Странный проект в разрушенном доме Обновлённый Музей балалайки открылся на втором этаже старой усадьбы на улице Бебеля, 19. Пространство кажется и очень современным, просторным, светлым из-за обилия окон, и словно бы наследующим традиции. В музее два больших помещения: в одном расположена сцена, чайная зона, там же проходят мастер-классы, занятия для детей, вечеринки; второе — собственно, экспозиция. Сюда, кстати, можно заглянуть и просто так, выпить чаю и послушать старые музыкальные пластинки, которых здесь много. В начале января мы встретились с управляющей музеем Марией Чурбановой, одним из организаторов проекта Сергеем Ключниковым и музыкантом-балалаечником Даней Воронковым и поговорили про сложности и радости музейной жизни, волшебство и неожиданные открытия, которые дарит музыка, и, конечно, стремление к своей цели несмотря ни на какие преграды. — Как шёл поиск подходящего пространства и почему остановились именно на усадьбе Емельяна Кривова? Сергей Ключников: Мы нашли помещение случайно. Несколько лет назад у нас была школа игры на балалайке недалеко от этого места, в чайной студии «Чай-Вань». Ребята из чайной студии искали новое помещение и наткнулись на странный дом на Бебеля. Сами становиться арендаторами не захотели, а нам про него рассказали. Но сразу предупредили: усадьба страшная. — Здесь была разруха? Сергей: Полная разруха была. Арендовать можно было недорого, но собственники не планировали делать ремонт. Раньше здесь сидели энергетики, какие-то городские электросети, а сразу после войны в доме была поликлиника. Изначально же это усадьба мещанина Емельяна Кривова. Нам, к сожалению, пока не удалось точно выяснить, чем он занимался. Но мещанин точно был небедный — для тех времен это были настоящие хоромы! А потом мы узнали, что здание уже купили, но сами владельцы не знали, что с ним делать. Нормальный бизнесмен сразу бы «зашил» всё сайдингом (улыбается), но это памятник архитектуры, с ним так нельзя.
— Я немного следила за ходом работ по вашему аккаунту в инстаграме.

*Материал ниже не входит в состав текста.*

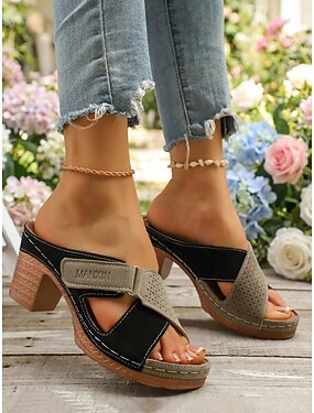 Женские повседневные сандалии на массивном каблуке — мягкий текстурированный верх с ремешком на пряжке, удобные сабо без застежек, обувь в винтажном стиле для работы, прогулок, путешествий и

Сколько велись здесь работы? Какие сложности возникали в процессе? Сергей: Сначала была полная неразбериха. Мы пришли и ужаснулись: в стенах были трещины, валялись выпавшие кирпичи, пол был гнилой, потолок протекал, в окнах были разбитые стёкла. Ещё была повышенная влажность. Мы увидели это и сразу отказались от аренды. Поняли, что в ремонт придётся вкладывать огромные деньги. Вскоре нам перезвонили хозяева и сказали: «Чуваки, у вас странный проект, нам интересно. Давайте договоримся, может, общими силами сделаем хотя бы косметический ремонт». Вот с этого, собственно, всё и началось. Удалось сделать «косметику», мы уже решили сюда перебазироваться, а владельцы нас пригласили на встречу и сообщили, что хотят всё внутри снести и сделать капитальный ремонт. Это длилось года полтора – с начала 2019 до лета 2020 года. Для нас это было межвременье. Нужно было финансово музей подпитывать, а работать мы не могли. Кстати, за время ремонта все арендаторы дома разбежались, не выдержав. А мы подумали, что нужно оставаться, потому что таких пространств в городе немного. И решили потерпеть. Мария Чурбанова: Но в это время мы не скучали. Ремонт ремонтом, здесь ничего не могло происходить из традиционной и даже нетрадиционной музейной деятельности (улыбается). Нужно отметить, что после капитального ремонта мы два-три месяца приводили помещение в порядок своими силами. Плюс велась подготовка экспозиции, планирование пространства. Дизайнеров и специалистов по музейной деятельности, кстати, мы не привлекали, оформили помещение самостоятельно. Сергей: Мы выезжали на необычные мероприятия, куда музеи не приезжают. На музыкальные выставки, сельскохозяйственные форумы… Это не профильная музейная деятельность. Мария: Всё, как мы любим.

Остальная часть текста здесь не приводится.